Senior Health: End 2020 Stronger and Healthier With These Tips on Healthy Aging

Senior Health: End 2020 Stronger and Healthier With These Tips on Healthy Aging

As we wrap up 2020, we’ll be spending the month of December laying the foundation for better health in 2021. This week, our focus is on senior health and how to feel your healthiest and strongest as you age. Then, in the coming weeks we’ll share more practical health and wellness strategies for readers of all ages. It’s the perfect way to ensure you’re ending this year strong, and are ready for all the opportunities and adventures of the new year. Let’s dive in!

Vibrant Aging: 4 Steps For Better Senior Health

Baby boomers are the fastest-growing population in America right now. And today, we’re all living longer than ever. Aging doesn’t have to mean slowing down. As you add those extra candles to your birthday cake, consider adding these 4 steps for boosting your senior health and ensuring you’re able to chase your goals and live your dreams with youthful vigor and energy.

1. Do Low-Impact Exercise Daily

A recent study found that nearly 25% of senior adults don’t get enough physical activity.

Regular exercise brings numerous anti-aging benefits for all of us.
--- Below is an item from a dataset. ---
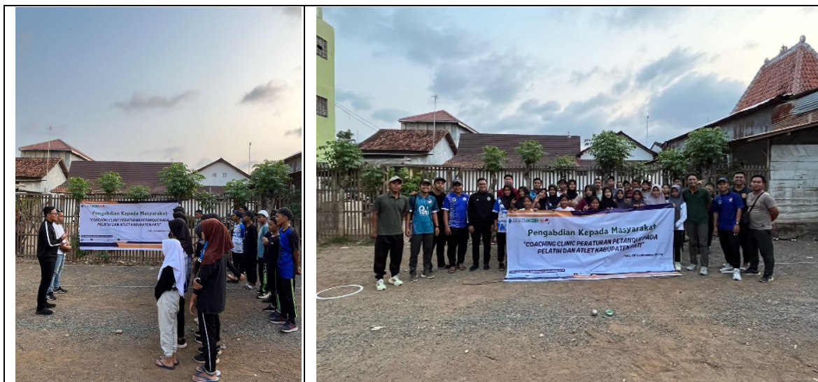
Gambar 3. Evaluasi dan Tindak Lanjut

Pada tahap evaluasi dan tindak lanjut dilakukan selama tahap pelaksanaan pengabdian erlangsung. Hal ini bertujuan untuk mengetahui progres kemajuan pengetahuan, pemahaman, dan keterampilan setiap atlet dan pelatih/ official terhadap peraturan pertandingan olahraga petanque. Selain itu, peneliti melakukan post-test hasil akhir pelaksanaan serta tingkat kepuasan setelah dilakukannya kegiatan coaching clinic .

This includes:

  • Lowered risk of many chronic diseases that tend to rise as we age, such as diabetes
  • Improved balance and coordination, reducing the risk of falls and slips
  • Increased mobility and strength, ensuring we can live independently for as long as possible
  • Enhanced mood and sense of well-being
  • Reduction in chronic pain and inflammation, including improved mobility and ease of movement if you have arthritis
  • Healthier blood sugar levels and cardiovascular health
  • And so much more

Unfortunately, a recent study found that one out of four older adults doesn’t get enough physical activity. Add more exercise to your daily routine, specifically low-impact activities. Example low-impact exercises include:

  • Chair yoga, which enhances flexibility from the comfort of your home or office desk
  • Walking, including “mall walking” and similar indoor activities
  • Swimming, where the water’s buoyancy removes impact while also increasing resistance (which translates to a leaner body and stronger muscles)
  • Resistance band workouts, which let you reap the benefits of lifting weights without the stress and strain of holding a heavy weight

These low-impact workout ideas boost your physical health while also protecting your joints and bones as you age. Speaking of joint health…

2. Protect Your Joint Health

Millions of Americans (an estimated one in four adults) have been diagnosed with arthritis. Many more are undiagnosed, or have other joint health problems. And joint health concerns increase as we get older.

Whether you’re currently experiencing joint health concerns, or you want to take preventative measures to protect your joints as you age, consider the following:

  • Exercise regularly: This lubricates your joints and keeps stiffness and inflammation at bay.
  • Take joint supplements, such as omega-3s, MSM and glucosamine
  • Eat an anti-inflammatory diet
  • Make sure you’re getting enough calcium and vitamin D through your diet or your supplements
  • Maintain a healthy weight, because a few excess pounds can put extra stress on your joints and tendons

3. Consider Cognitive “Insurance”

If you have a specific aging concern, research your supplements. There are many ways to naturally support your health as you get older.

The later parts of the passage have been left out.